Siboglinid tubeworms do not have a mouth or gut and live in obligate associations with bacterial endosymbionts. Little is currently known about the phylogeny of frenulate and moniliferan siboglinids and their symbionts. In this study, we investigated the symbioses of two co-occurring siboglinid species from a methane emitting mud volcano in the Arctic Ocean (Haakon Mosby Mud Volcano, HMMV): Oligobrachia haakonmosbiensis (Frenulata) and Sclerolinum contortum (Monilifera). Comparative sequence analysis of the host-specific 18S and the symbiont-specific 16S rRNA genes of S. contortum showed that the close phylogenetic relationship of this host to vestimentiferan siboglinids was mirrored in the close relationship of its symbionts to the sulfur-oxidizing gammaproteobacterial symbionts of vestimentiferans. A similar congruence between host and symbiont phylogeny was observed in O. haakonmosbiensis: both this host and its symbionts were most closely related to the frenulate siboglinid O. mashikoi and its gammaproteobacterial symbiont. The symbiont sequences from O. haakonmosbiensis and O. mashikoi formed a clade unaffiliated with known methane- or sulfur-oxidizing bacteria. Fluorescence in situ hybridization indicated that the dominant bacterial phylotypes originated from endosymbionts residing inside the host trophosome. In both S. contortum and O. haakonmosbiensis, characteristic genes for autotrophy (cbbLM) and sulfur oxidation (aprA) were present, while genes diagnostic for methanotrophy were not detected. The molecular data suggest that both HMMV tubeworm species harbour chemoautotrophic sulfur-oxidizing symbionts. In S. contortum, average stable carbon isotope values of fatty acids and cholesterol of -43 per thousand were highly negative for a sulfur oxidizing symbiosis, but can be explained by a (13)C-depleted CO(2) source at HMMV. In O. haakonmosbiensis, stable carbon isotope values of fatty acids and cholesterol of -70 per thousand are difficult to reconcile with our current knowledge of isotope signatures for chemoautotrophic processes"

But it is not just cold seeps but also hot seeps and sometimes sulphur, sometimes methane.  Both ecosystems exist without the power of the Sun and there is no explanation for how they might have evolved.  Most life on Earth depends upon the ability of plants to photosynthesize and yet photosynthesis is so involved it is preposterous to think that it simply *poofed* into existence and yet plant life is necessary for virtually every other life form on the planet with the exception of the entirely unrelated seep ecosystems found under the sea. 

Again, no Darwinists can answer the first, hard questions but so far have shown nothing but an inclination to regurgitate the same old cladograms and phylogenic junk that is all suppositional, based on circular reasoning and cannot be presented as objective, testable, repeatable evidence.

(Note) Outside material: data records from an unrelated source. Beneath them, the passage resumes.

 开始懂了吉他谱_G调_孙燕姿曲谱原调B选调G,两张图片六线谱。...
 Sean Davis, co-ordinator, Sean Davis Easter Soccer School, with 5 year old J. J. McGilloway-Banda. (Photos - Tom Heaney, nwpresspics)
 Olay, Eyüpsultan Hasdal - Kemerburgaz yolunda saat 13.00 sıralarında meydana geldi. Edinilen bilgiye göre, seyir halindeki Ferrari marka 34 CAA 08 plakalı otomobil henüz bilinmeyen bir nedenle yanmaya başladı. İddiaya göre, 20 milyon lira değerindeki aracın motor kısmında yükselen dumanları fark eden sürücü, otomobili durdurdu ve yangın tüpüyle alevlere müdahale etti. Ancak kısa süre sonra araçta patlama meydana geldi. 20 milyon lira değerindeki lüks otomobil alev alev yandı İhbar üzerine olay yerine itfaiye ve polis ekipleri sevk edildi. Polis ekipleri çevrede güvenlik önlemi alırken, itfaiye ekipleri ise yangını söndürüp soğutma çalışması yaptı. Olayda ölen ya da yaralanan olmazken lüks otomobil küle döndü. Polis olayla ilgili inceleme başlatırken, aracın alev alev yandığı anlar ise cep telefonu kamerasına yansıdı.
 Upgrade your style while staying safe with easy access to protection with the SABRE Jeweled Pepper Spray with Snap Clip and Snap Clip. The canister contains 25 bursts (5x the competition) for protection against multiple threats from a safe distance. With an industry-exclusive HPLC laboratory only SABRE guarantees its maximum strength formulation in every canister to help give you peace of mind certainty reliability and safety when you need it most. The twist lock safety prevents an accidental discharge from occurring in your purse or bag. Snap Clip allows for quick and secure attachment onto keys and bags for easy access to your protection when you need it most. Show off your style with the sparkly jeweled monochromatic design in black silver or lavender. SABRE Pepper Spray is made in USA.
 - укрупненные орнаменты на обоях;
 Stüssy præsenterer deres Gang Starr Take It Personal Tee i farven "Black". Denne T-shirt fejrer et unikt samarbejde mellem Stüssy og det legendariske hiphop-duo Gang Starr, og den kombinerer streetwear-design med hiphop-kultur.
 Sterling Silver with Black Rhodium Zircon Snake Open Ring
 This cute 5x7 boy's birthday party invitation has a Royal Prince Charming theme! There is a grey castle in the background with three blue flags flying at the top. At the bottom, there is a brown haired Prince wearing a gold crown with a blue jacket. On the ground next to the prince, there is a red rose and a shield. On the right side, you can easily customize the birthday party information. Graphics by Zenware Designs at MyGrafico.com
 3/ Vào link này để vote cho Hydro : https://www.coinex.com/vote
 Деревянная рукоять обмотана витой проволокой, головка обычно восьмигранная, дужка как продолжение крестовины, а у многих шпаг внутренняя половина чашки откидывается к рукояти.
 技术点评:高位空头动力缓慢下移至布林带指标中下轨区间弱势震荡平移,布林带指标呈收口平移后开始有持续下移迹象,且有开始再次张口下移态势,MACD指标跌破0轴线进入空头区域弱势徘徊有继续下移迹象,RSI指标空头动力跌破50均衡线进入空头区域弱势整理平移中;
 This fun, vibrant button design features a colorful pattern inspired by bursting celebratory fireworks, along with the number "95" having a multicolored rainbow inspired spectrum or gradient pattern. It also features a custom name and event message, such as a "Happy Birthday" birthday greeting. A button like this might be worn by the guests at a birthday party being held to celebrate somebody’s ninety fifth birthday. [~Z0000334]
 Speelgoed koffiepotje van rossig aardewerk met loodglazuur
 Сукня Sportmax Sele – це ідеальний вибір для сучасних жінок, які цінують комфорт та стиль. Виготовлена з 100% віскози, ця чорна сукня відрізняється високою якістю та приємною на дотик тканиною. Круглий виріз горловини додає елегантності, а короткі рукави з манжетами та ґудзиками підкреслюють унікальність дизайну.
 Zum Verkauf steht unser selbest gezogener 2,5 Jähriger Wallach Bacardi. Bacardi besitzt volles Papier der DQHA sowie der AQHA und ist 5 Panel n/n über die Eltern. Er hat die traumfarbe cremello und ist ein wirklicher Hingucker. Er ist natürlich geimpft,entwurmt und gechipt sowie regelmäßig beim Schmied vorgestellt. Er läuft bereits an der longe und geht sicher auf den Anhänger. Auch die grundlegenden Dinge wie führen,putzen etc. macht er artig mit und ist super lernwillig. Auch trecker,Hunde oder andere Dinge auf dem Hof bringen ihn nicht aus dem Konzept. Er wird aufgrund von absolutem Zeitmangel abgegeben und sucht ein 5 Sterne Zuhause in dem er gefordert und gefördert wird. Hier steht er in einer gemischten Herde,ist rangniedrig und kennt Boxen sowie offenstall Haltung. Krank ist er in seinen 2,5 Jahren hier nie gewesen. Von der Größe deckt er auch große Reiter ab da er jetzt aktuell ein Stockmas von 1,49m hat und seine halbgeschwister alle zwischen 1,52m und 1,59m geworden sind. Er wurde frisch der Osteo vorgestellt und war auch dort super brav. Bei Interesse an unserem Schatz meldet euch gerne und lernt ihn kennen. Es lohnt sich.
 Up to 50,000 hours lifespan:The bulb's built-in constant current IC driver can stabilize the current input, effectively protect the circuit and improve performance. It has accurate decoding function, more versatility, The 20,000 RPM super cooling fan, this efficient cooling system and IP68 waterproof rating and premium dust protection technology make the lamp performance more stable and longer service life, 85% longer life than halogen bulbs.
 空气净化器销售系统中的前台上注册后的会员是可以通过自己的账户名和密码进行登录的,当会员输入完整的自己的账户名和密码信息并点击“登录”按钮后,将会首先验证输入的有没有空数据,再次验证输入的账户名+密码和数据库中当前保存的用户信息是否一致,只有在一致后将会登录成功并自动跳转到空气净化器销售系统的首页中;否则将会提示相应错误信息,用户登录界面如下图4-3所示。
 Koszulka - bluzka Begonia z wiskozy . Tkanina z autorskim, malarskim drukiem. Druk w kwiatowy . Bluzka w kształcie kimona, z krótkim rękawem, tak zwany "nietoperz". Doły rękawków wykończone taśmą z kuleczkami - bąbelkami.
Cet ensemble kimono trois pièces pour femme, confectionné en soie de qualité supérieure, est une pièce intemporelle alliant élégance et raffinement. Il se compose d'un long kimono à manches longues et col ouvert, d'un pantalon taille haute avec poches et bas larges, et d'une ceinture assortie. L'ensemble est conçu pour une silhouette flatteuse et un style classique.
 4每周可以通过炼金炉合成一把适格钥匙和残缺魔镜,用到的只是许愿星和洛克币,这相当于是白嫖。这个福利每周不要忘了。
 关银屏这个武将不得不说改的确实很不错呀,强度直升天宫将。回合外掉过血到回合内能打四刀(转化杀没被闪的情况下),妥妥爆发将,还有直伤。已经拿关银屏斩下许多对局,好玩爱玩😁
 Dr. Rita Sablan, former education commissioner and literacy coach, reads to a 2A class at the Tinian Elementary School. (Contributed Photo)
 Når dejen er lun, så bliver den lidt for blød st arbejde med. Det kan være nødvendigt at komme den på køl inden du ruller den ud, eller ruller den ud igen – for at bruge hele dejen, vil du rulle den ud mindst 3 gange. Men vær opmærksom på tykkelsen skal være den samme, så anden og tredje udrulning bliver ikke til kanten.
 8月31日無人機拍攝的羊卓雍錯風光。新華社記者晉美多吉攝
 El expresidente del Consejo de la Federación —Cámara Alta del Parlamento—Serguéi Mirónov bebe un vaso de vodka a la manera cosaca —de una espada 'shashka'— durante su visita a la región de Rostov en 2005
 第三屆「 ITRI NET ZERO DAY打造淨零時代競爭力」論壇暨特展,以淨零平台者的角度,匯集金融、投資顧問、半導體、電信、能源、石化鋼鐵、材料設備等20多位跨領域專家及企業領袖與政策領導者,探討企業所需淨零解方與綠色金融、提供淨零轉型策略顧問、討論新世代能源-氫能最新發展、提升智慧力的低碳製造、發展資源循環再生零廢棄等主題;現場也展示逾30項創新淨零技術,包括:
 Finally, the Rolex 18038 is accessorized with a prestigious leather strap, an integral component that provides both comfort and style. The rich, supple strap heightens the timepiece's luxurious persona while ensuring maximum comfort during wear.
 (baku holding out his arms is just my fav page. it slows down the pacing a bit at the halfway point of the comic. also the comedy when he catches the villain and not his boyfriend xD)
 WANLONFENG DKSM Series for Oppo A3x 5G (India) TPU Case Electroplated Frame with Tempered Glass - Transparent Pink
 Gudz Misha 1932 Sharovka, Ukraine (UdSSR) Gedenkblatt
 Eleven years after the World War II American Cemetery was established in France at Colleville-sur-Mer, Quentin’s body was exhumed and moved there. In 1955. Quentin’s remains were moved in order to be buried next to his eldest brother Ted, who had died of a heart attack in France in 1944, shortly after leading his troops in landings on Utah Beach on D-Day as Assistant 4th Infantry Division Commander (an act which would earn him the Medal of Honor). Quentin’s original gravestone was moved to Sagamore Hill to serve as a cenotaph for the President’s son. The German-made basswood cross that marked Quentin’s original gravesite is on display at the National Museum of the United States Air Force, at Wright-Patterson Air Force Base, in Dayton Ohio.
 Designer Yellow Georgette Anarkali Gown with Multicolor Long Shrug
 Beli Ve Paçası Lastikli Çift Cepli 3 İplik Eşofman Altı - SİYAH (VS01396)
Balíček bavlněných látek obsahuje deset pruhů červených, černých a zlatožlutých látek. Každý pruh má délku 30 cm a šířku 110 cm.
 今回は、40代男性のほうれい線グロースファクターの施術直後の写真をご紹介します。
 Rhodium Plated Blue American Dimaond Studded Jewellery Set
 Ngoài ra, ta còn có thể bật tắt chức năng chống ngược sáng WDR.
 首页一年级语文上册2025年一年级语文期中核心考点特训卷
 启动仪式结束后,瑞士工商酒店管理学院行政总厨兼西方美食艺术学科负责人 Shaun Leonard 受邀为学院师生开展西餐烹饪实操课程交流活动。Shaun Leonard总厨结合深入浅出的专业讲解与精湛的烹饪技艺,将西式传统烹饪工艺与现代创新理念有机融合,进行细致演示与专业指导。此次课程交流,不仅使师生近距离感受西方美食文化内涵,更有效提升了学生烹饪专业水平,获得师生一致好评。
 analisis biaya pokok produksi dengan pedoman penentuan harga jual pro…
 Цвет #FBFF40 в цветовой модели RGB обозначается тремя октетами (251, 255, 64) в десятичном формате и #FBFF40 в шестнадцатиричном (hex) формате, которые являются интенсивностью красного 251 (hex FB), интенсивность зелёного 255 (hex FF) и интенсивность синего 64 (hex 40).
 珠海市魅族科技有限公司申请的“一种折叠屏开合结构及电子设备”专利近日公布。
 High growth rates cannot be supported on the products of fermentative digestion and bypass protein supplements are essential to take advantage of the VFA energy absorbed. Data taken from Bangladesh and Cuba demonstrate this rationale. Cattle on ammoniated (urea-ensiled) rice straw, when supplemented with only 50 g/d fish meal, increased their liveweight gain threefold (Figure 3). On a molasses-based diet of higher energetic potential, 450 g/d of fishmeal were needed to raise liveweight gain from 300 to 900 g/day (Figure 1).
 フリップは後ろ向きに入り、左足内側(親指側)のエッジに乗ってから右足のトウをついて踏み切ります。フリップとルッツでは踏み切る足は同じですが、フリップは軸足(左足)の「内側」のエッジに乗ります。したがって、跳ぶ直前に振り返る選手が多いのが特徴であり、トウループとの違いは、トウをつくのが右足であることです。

Creationists say that kinds reproduce according to kind, that speciation is an expected result of pre-existing information within the genome and redundancies that are built in to the cell and DNA.  And as it happens that is testable AND repeatable.  

Darwinism began when we knew almost nothing about the makeup of the cell and the process of reproduction.  Now that we can analyze the DNA string and observe the cell at the molecular level the design and complexity are quite obvious.   Thus, the complete lack of observable evidence presented within the comments threads by Darwinist commenters.  They have nothing to present!